Jack hesitated, thinking about Ennis’s body. ‘Town’s ‘bout an hour, but we’re startin’ at sunup—maybe afore five—so I reckon you’ll need some sleep.’

‘Five o’clock in the morning?’ Martin paled. ‘Christ, I’m usually hitting the sheets about then!’

‘Got to get high ‘nough afore we make camp. First day’s the hardest.’

The mention of the trip ahead cheered the two men and seemed to divert their thoughts from the town. Jack capitalised on the change and offered, ‘Bar’s open downstairs, when you’re ready.’

Ennis had termed it the bar: the corner of the room where Jack had put up some shelves and a counter. He hadn’t meant it in a complimentary way. The visitors saw nothing amiss, however, and with whisky flowing, a fire blazing and Jack showing them the choice of guns, they seemed entirely content.

Ennis came in for supper, and Jack said, ‘You met…. This is my brother, Ennis.’

They sat the five of them around the table, Jack outlining the route and explaining some of the things they had to know.
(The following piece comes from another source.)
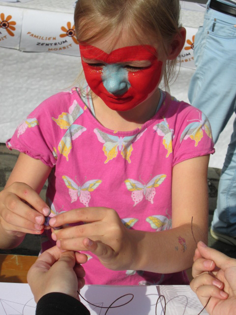 Bild - Mädchen hält ihre ZeichnungBild - Hände auf einem Tisch beim ausmalen auf PapierBild - Kind mit bemaltem Gesicht und selber gebastelter HalsketteBild - Kind mit bemaltem Gesicht bastelt eine HalsketteBild - Kind am Basteltisch

Bears got some interest, and they paid more attention. When cigarettes were lit, Toby, eyeing Ennis, said, ‘How long have you two owned this place?’

Ennis normally let Jack do the talkin’. He was better at it. Jack was busy, showing Martin something on a map. ‘Not long.’

‘Have you always lived on Brokeback Mountain?’

Ennis considered this and answered truthfully, ‘Yeah.’

‘Your mother’s really nice. These quilts are amazing. She could make a fortune in New York. I guess you’ve heard about the revival in naive American art?’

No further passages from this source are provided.